No es ninguna sorpresa para quien
me conozca. Sin embargo, ello no es óbice para que respete a quien lo hace (con
matices, pero no voy a entrar en eso ahora) ya sea por convicción o por
condición.
El no creyente, en sentido
amplio, tiene una visión de la muerte diferente, para lo bueno y para lo malo.
Es el final de la vida y no es especialmente relevante el que haya algo más
allá. Si bien es cierto que tenemos una tendencia natural a desear una larga (y
agradable) vida, tampoco debemos dramatizar con su final.

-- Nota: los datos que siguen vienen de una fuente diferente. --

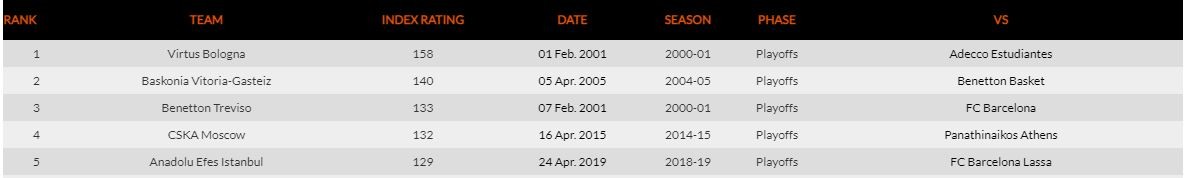 Από την πρώτη διοργάνωση (2000-2001) κρατάει η καλύτερη επίδοση στην αξιολόγηση σε αγώνα PlayOffs. Με 158 βαθμούς το έχει η Βίρτους Μπολόνια στον αγώνα με την Εστουδιάντες.
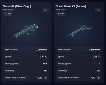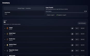 * Sell shards to purchase vessels, fuel, upgrades, etc.
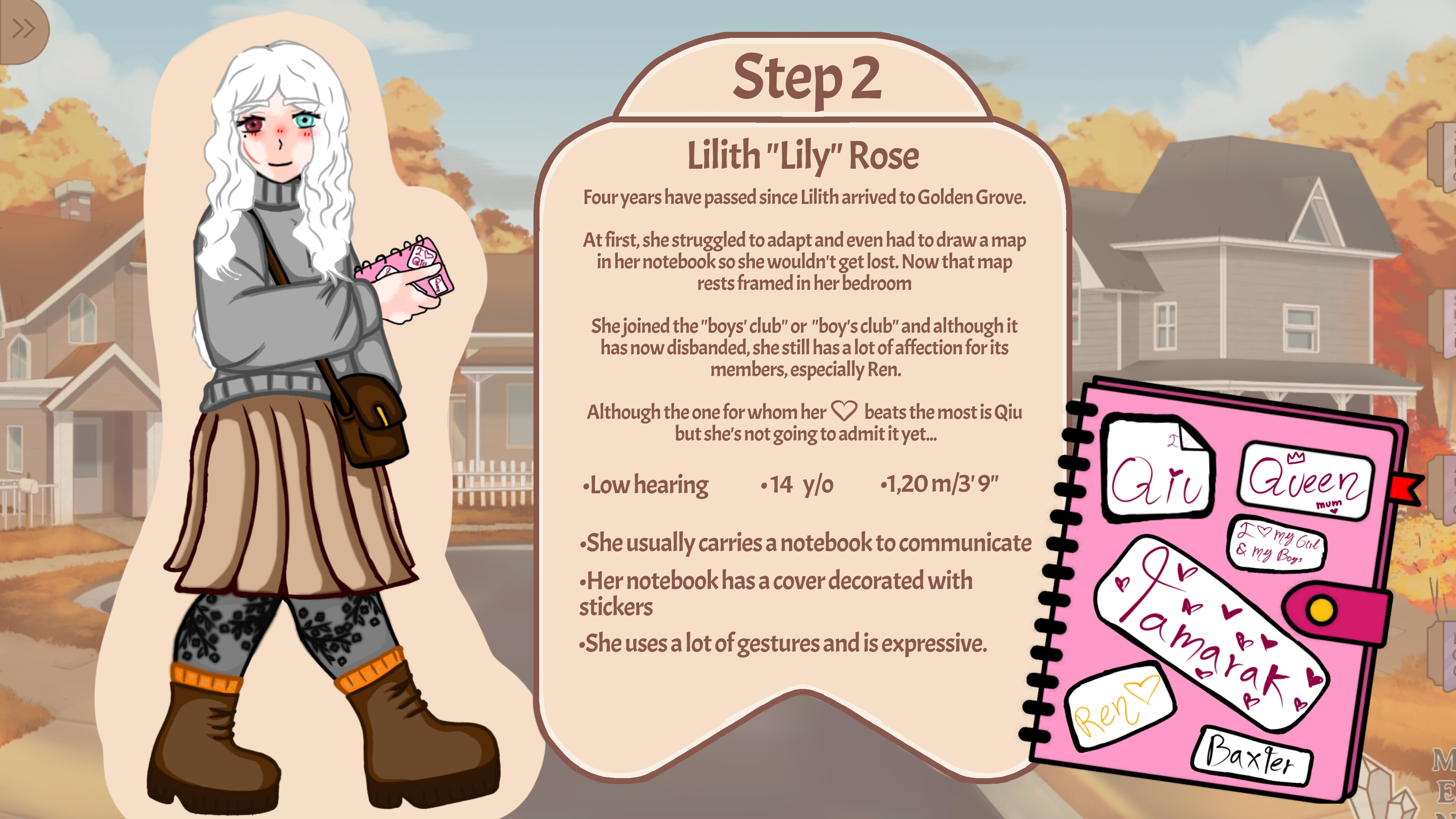 I love that in Step 1 when you're introducing yourself, depending on what you decide, you can grab Qiu's notebook and write about what happened to you with the paper airplane in it to explain it to him.
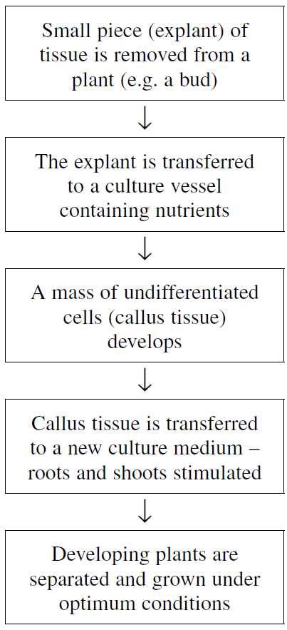 * Tissue culture is a method of artificial propagation in plants. One technique for carrying out tissue culture is to remove meristems from shoot tips of plants and culture them as shown in the diagram below.magnified view
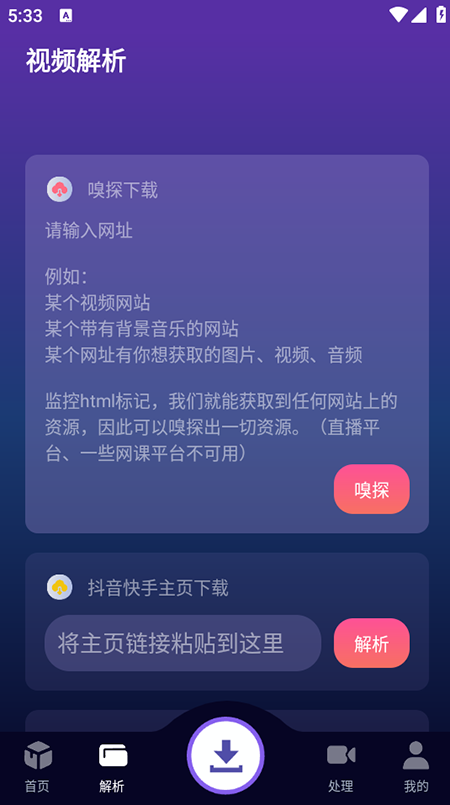 2、下载流程简单,仅需“粘贴链接→解析→下载”三步。
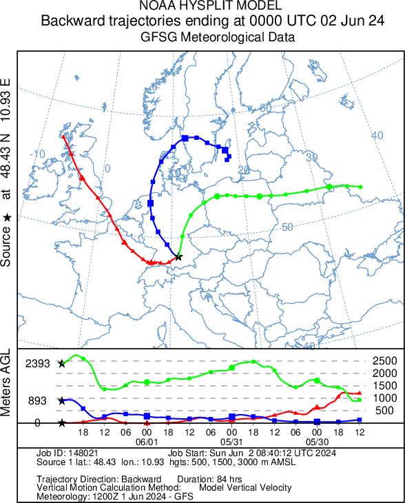 Rückwärtstrajektorien für das Epizentrum Augsburg, Enddatum 02. Juni 2024, 02 Uhr MESZ:
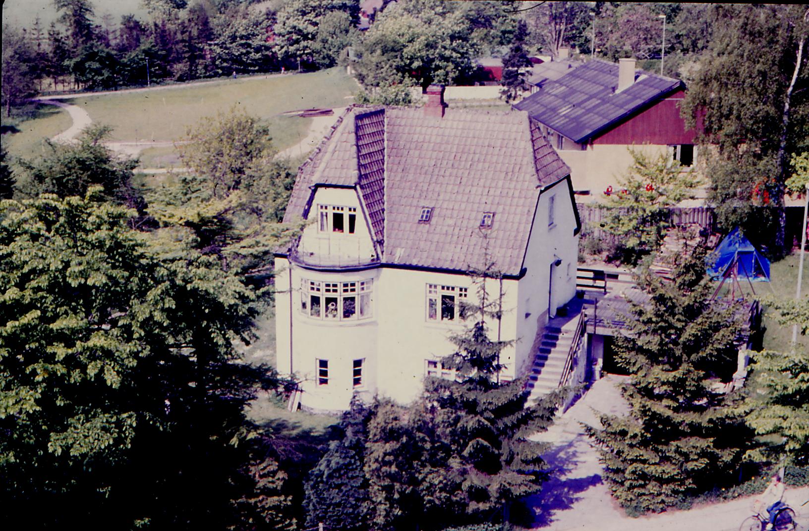 Huset i forgrunden er Obstrupvej 7. Bagved ses 'Midgården' Mårslet Ungdomsklub Testrupvej 1.
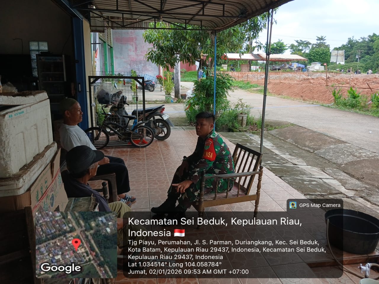 Pada Jumat (2/1/2026) pagi, Babinsa 16 Kelurahan Duriangkang, Kopral Dua (Kopda) B. Nababan, melaksanakan komsos bersama warga di Perumahan Perumnas, RT 01 RW 15, Kelurahan Duriangkang, Kecamatan Sei Beduk, Kota Batam. Kegiatan dimulai sekitar pukul 09.45 WIB dan berlangsung dalam suasana akrab serta penuh kekeluargaan.
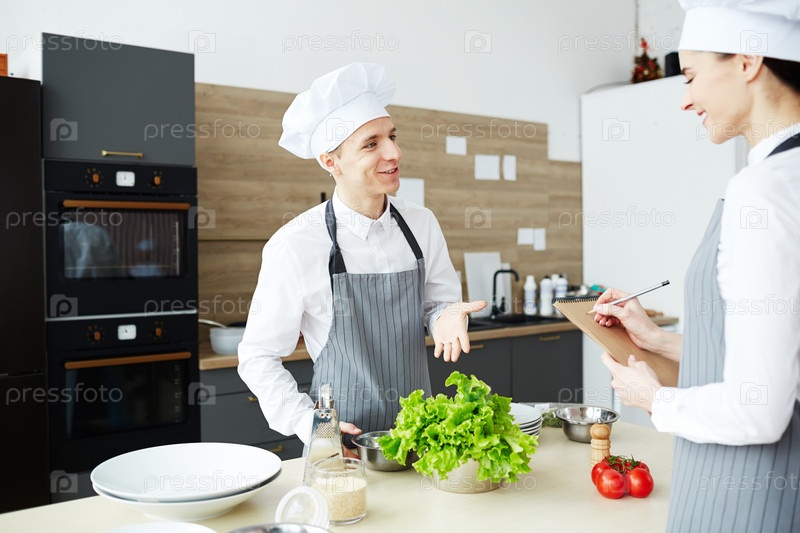 Удовлетворенный человек сдает практический экзамен на уроке кулинарии

De hecho, para un no
creyente, el miedo a la muerte debería (curiosamente no parecen haber, sin
embargo, claras diferencias con los creyentes) ser algo inexistente. Hace
exactamente dos años cité a Epicuro cuando decía que la muerte no nos
pertenece. En realidad lo que se teme es el dolor, la decadencia, el
sufrimiento, la dependencia, y multitud de cuestiones más que se asocian en
mayor o menor grado al final de una vida.
No quiero extenderme, ni penetrar
en aguas profundas y tenebrosas, así que me centraré en el objetivo de esta
entrada:
A mi modo de ver, sólo hay dos
formas de perdurar en el tiempo más allá de mitos y creencias: en el recuerdo
de los que continúan y en tu legado genético. Son dos formas sutiles y bien
distintas de persistencia existencial, tanto en su calidad como en su
relevancia, que tampoco voy a entrar a desgranar.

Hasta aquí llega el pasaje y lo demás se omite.